Monday, October 29, 2012

Is the Obama Machine Running Out of Steam?

The science of thermodynamics may provide a means of assessing Obama's likelihood of re-election.  Political machines are much like heat engines and tend to obey the same laws.
In thermodynamics, all steam and fuel engines are treated as "heat engines," wherein a source of heat (red) is created and the heat is allowed to flow to the colder "sink" (blue) through the engine (yellow).  Some of the flow is converted into useful work (purple), but a fraction of it must of necessity flow from hot to cold as waste or "increased entropy" (gray arrow) [1].

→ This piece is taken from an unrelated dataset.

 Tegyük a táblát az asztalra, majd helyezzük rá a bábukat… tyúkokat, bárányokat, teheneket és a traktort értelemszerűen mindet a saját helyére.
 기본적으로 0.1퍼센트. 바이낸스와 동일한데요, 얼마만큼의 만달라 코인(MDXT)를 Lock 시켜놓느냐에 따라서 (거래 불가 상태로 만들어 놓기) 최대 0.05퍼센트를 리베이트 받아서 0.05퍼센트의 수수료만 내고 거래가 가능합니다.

A tyranny is much like a heat engine.  It extracts labor and goods from its people and gives some of it back -- but keeps a fraction (gray arrow) for the ruling class and the supporting military.  If this "graft" is too small, the regime loses support; if it keeps too much, it runs the risk of either a revolution or a collapse of incentive in the work force.  Tyrants usually rely on a combination of nationalism, repression, isolation, and public apathy to keep the engine working.

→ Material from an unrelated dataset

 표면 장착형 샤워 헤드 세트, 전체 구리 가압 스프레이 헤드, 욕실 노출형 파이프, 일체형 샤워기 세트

In a free society, where the machine depends on popular votes to stay in power, the situation is more complicated.  In the classic Tammany model, votes and taxes are coaxed from the public by promises, but, in addition, campaign money and labor are extracted from special interest groups (green) in exchange for the legislation and funds that the government doles out to them.  These favors, in addition to campaign expenses and graft, constitute the waste flow (gray arrows) that does the public no good but keeps the machine going.

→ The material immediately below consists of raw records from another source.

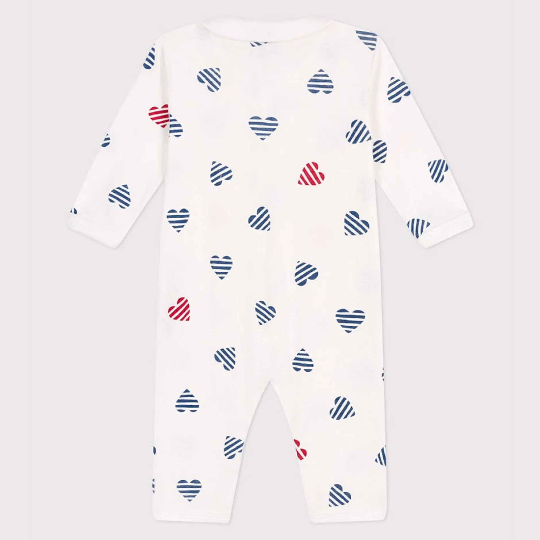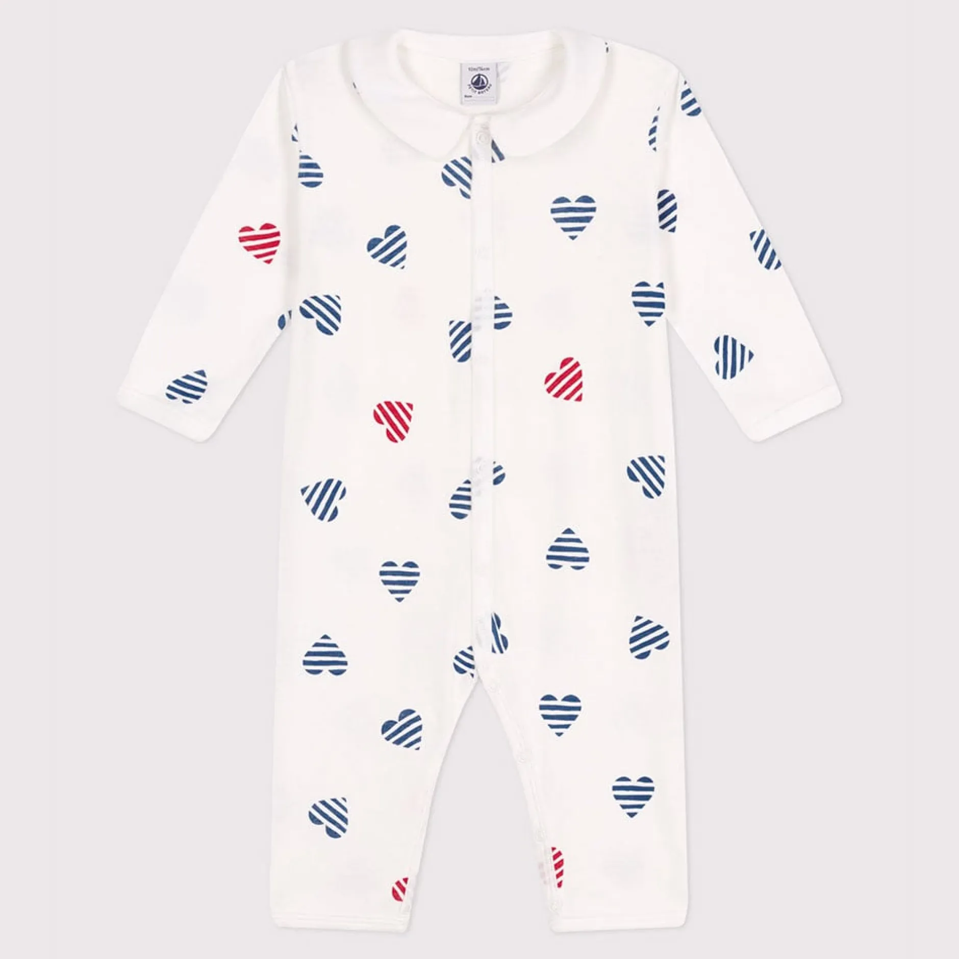Pyjamas|Pyjamas*Petit Bateau Pyjama bébé en coton sans pieds avec col cœur rayé de Blanc Marshmallow
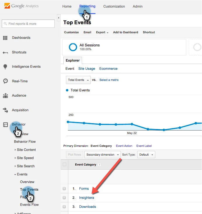 Log in to GA and navigate to Reporting > Behavior > Events > Top Events
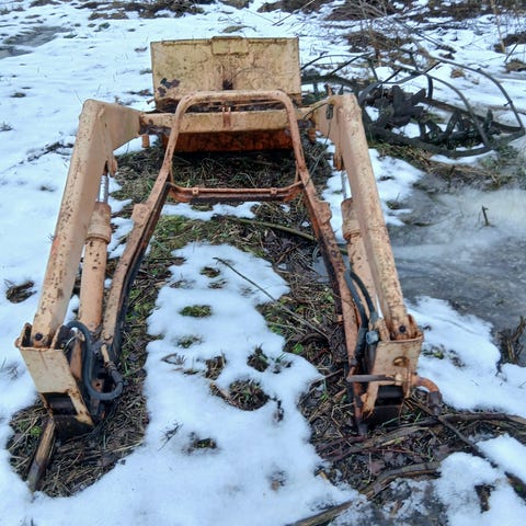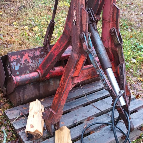 Etukuormain, ollut ilmeisesti takaveto traktorissa. Ei sovitteita, yksitoimset sylinterit, kauhan kippaus mekaaninen.

And therein lies the problem: the relative sizes of the arrows.  The general public expects proportionate results for its votes and taxes while the major donors and special interest groups (SIGs) expect a much greater return from their donations, by favorable legislation and/or government spending.  If the gray arrows are too small, the machine will lose the votes and support of its donors and SIGs.  But if the gray arrows become too large, public anger may vote the machine out of office.  Therefore, the machine bosses must optimize a delicate and complex equation to try to satisfy both the public and their supporting SIGs.  Usually, as with some heat engines, there just isn't enough output to justify the input.